The questionnaire assessed students’ value of nature, place attachment beliefs and environmental commitment through closed-ended questions in fixed-choice and Likert-type scales. DeVellis’ prior studies [89] have reported that using scale measurement easily produces unsuitability because extant research studies have only been conducted in developed European countries and America. Adopting the questionnaire survey method allows the researcher to better understand how connection to nature, environmental concern, and place attachment affect undergraduate students’ commitment to pro-environmental behavior in their daily lives. The questionnaire is designed based on an extensive literature review.
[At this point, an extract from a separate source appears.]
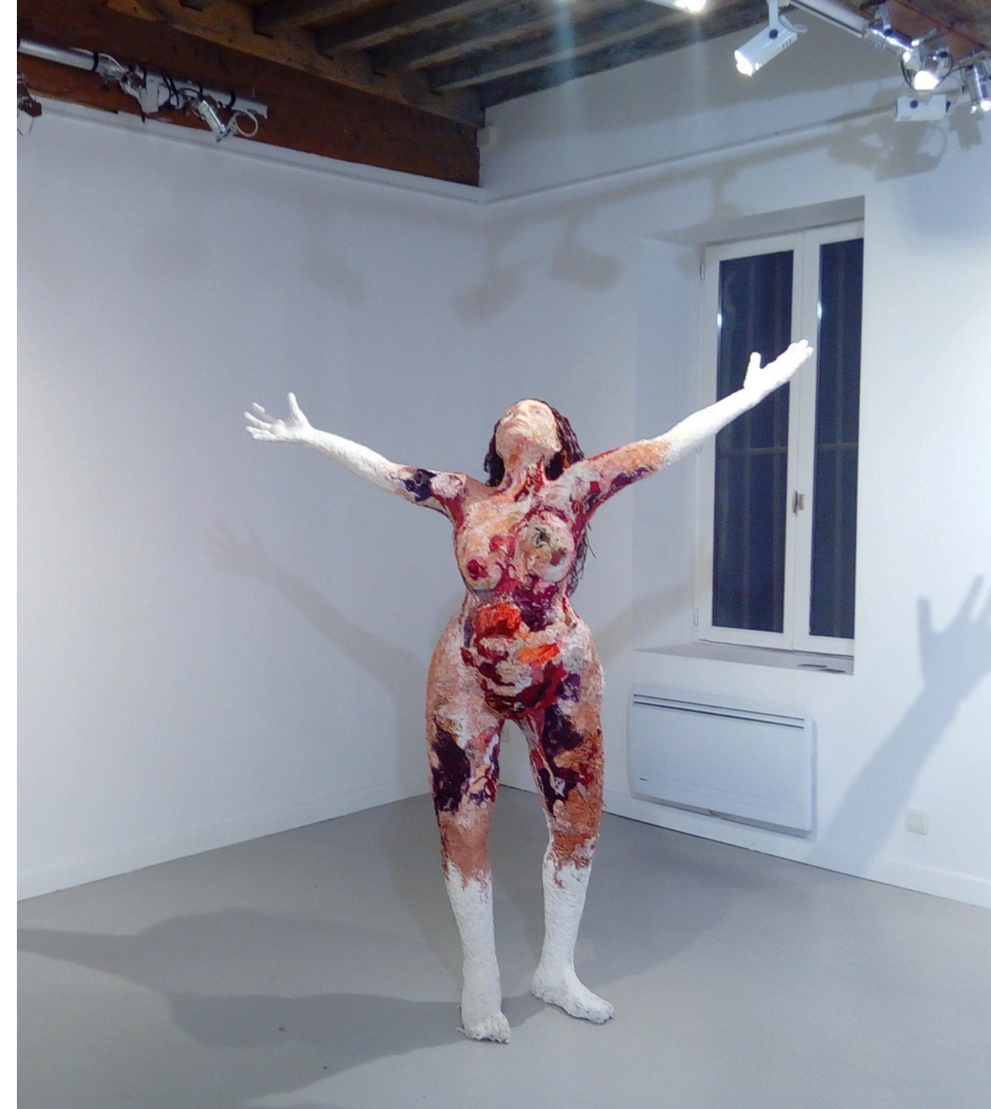
Vue d'exposition, Galerie Test du Bailler, Vienne, 2016

anthropomorphique je rends hommage à la réalité organique du corps des femmes, mise en perspective avec ses aspects mythologiques et archétypaux.

We modified the Mayer and Frantz [56] connectedness to nature (CNS) scale to a three-item Likert-style questionnaire to assess the extent to which an individual feels emotionally connected to nature. Several research assessments have been developed regarding the measurement of place attachment and place identity [31,34,38]. Place attachment was explained as including the components of arousal, pleasure, and involvement. We modified the place attachment scale to a nine-item Likert-style questionnaire that assessed the tendency for people to become emotionally attached to a place, and a three-item Likert-style questionnaire is adopted to assess the extent to which an individual experience in a specific group membership. A commonly used metric for assessing environmental concern is the “New Ecological Paradigm”, which following Raymond et al. [39], operationalizes the connection to nature and environmental concern through the definition of constructs, which we modified to a five-item Likert-style assessment questionnaire. Environmental commitment refers to the strength of personal attachment toward nature or the surrounding environment; we modified the Stern [14] and [1] scales to a five-item Likert-style questionnaire. A multi-part question listed various commitment types of personal environmental actions and asked individuals to report how frequently they engaged in that activity.
We developed the first version of the questionnaire in English, after which the context of the questionnaire items was translated into Chinese. The double-translation method was used to ensure conceptual equivalence and increased content validity. Three researchers, who are experts or have great interest in pro-environmental behavior and emerging contaminants, reviewed the initial instrument. The questionnaire includes a page describing the purpose of the survey and definitions of all constructs. The participants were asked to note ambiguity in item wording (and recommend changes if necessary) and to rank items within each substratum according to their semantic proximity to that of the underlying substratum. Moreover, the face and content validities of the instrument were verified based on in-depth interviews with these professionals. Based on expert comments, we made minor adjustments to refine the questionnaire.
Before conducting the final study, the pilot study questionnaire consisted of 27 questions divided into four major areas: (1) participants’ demographic profile; (2) evaluation of students’ nature and environmental connectedness and environmental concern; (3) participants’ environmental commitment behavior; and (4) social identity and place attachment, including place involvement, pleasure and arousal. Participants were asked to rate 22 attributes on a five-point scale (ranging from “strongly disagree (1)” to “strongly agree (5)”). To ensure the desired balance and randomness of the items in the questionnaire, three items were negated, and all items were randomly arranged to reduce the potential ceiling (or floor) effect that can induce monotonous responses to items designed to measure the same construct. Considerable effort was exerted to ensure that each statement in the final instrument captured the intended meaning of the construct under investigation. A pilot test was later conducted with 60 university students in Taiwan to evaluate whether the revised questionnaire was appropriate in terms of readability, ease of understanding, formatting, and layout. The focus of the pilot study was to examine the reliability and validity of the scales in the context of emerging contaminants. For the responses to the pilot study, the internal consistencies of Cronbach’s alphas ranging from 0.712 for place pleasure to 0.825 for environmental commitment imply that the scales used in this study were satisfactory in terms of measuring the constructs of interest.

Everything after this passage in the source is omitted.